Task instructions: Copy out the lines of the records below, and only those lines, from the one with "నిర్మల్ జిల్లా ఖానాపూర్" through the one with "않는 것이 일반적이에요.", exactly as they appear.

Source data:
·····
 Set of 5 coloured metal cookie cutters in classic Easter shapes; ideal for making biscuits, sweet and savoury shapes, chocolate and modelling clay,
·····
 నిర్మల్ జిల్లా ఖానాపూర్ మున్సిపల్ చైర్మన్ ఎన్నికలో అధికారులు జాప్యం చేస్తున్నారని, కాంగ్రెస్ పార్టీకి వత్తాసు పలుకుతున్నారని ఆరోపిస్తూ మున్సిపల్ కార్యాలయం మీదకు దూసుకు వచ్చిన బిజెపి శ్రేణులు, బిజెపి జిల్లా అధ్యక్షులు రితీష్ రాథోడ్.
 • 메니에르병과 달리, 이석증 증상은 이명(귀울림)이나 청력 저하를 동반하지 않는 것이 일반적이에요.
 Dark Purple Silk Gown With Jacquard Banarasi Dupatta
·····
Answer space:
 నిర్మల్ జిల్లా ఖానాపూర్ మున్సిపల్ చైర్మన్ ఎన్నికలో అధికారులు జాప్యం చేస్తున్నారని, కాంగ్రెస్ పార్టీకి వత్తాసు పలుకుతున్నారని ఆరోపిస్తూ మున్సిపల్ కార్యాలయం మీదకు దూసుకు వచ్చిన బిజెపి శ్రేణులు, బిజెపి జిల్లా అధ్యక్షులు రితీష్ రాథోడ్.
 • 메니에르병과 달리, 이석증 증상은 이명(귀울림)이나 청력 저하를 동반하지 않는 것이 일반적이에요.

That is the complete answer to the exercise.